The fire at Lakanal House in Camberwell in July 2009
Image caption Three adults and three children were killed in the fire in 2009, while nearly 100 families were left homeless

A council which knew a tower block where six people died was a fire risk but did not address the dangers will not face manslaughter charges.

A three-week-old baby was among the victims of the blaze at Lakanal House in Camberwell in July 2009.

It later emerged Southwark Council knew the building posed a fire risk but did not act and had not carried out a fire risk assessment.

Prosecutors have decided there is no realistic prospect of conviction.

Rene Barclay, principal crown advocate for the Crown Prosecution Service, said: "I am satisfied that there is no realistic prospect of conviction for an offence of manslaughter by gross negligence or corporate manslaughter against any company or the London Borough of Southwark."

'Insufficient evidence'

He continued: "I considered whether the council's alleged failure prior to the outbreak of the fire to undertake a risk assessment provided a sufficient basis to bring a charge.

Image caption Designer Catherine Hickman was one of the victims

"I concluded there was insufficient evidence to satisfy a jury that the council's conduct at a senior management level amounted to a gross breach of duty causing any of the deaths."

Councillor Ian Wingfield, cabinet member for housing at the Labour-run council, said: "We welcome the decision as this will allow the inquests to progress and the families to have some sort of closure.

"We now ask that the coroner agrees a date as soon as possible for the six inquests to begin so that all the facts from that tragic evening of nearly three years ago can be brought before the public."

The BBC has obtained figures showing the financial cost to the local authority of the fire.

It has currently spent £8.2m on the aftermath of the disaster, including £2.5m on legal fees to BCL Burton Copeland.

No death compensation

The council has spent a further £2.4m on site works, leasehold buybacks and "home losses".

Another £1.7m has been spent on security, temporary accommodation and emergency provisions for residents.

But the lawyer for the partner of Catherine Hickman, a fashion designer who died in the blaze, confirmed her client had not received any compensation.

The council has declined to comment on the costs.

Nearly 100 families were made homeless in the disaster and no inquest has been heard into the deaths.

The abandoned tower block remains standing.

The BBC's investigation in 2009 discovered a report into the safety of Southwark's tower blocks that was ordered nine years previously by a parliamentary committee investigating a fire at a building in Scotland.
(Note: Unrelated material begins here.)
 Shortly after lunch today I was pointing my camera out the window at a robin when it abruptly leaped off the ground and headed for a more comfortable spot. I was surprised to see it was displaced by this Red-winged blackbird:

The council's report rated all five buildings on the Sceaux Gardens estate, including Lakanal House, as a medium fire risk "where elements of construction may pose a fire risk, or a risk of fire spread".
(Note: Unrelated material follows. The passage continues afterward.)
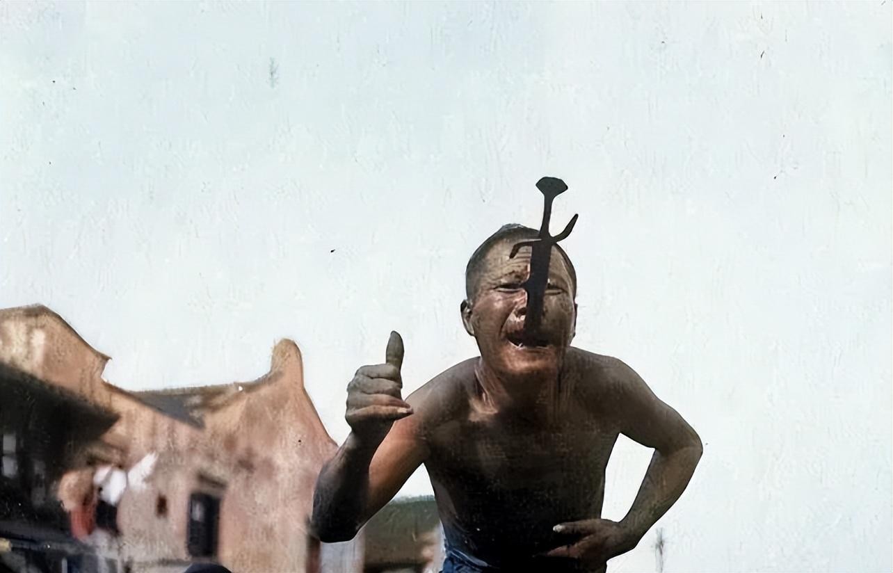 10、吞剑艺人在街头向人们展示自己的吞剑绝活来寻求打赏,

Lakanal House had a "risk of localised fire spread between wall panelled sections", the report carried out by Southwark Building Design Service said.

Further assessment of all the blocks on the Sceaux Gardens estate "may be of benefit", it added.

However, the then Liberal Democrat-run council reversed a previous decision to demolish the tower block while fire safety concerns were not addressed.

A statement from Southwark Council following those revelations said: "The safety and well being of our residents is a priority for the council and we reject any allegation that we do not take these responsibilities seriously."

In light of the revelations, councils were ordered to publish all fire safety risk assessments on residential tower blocks in the hope of boosting accountability.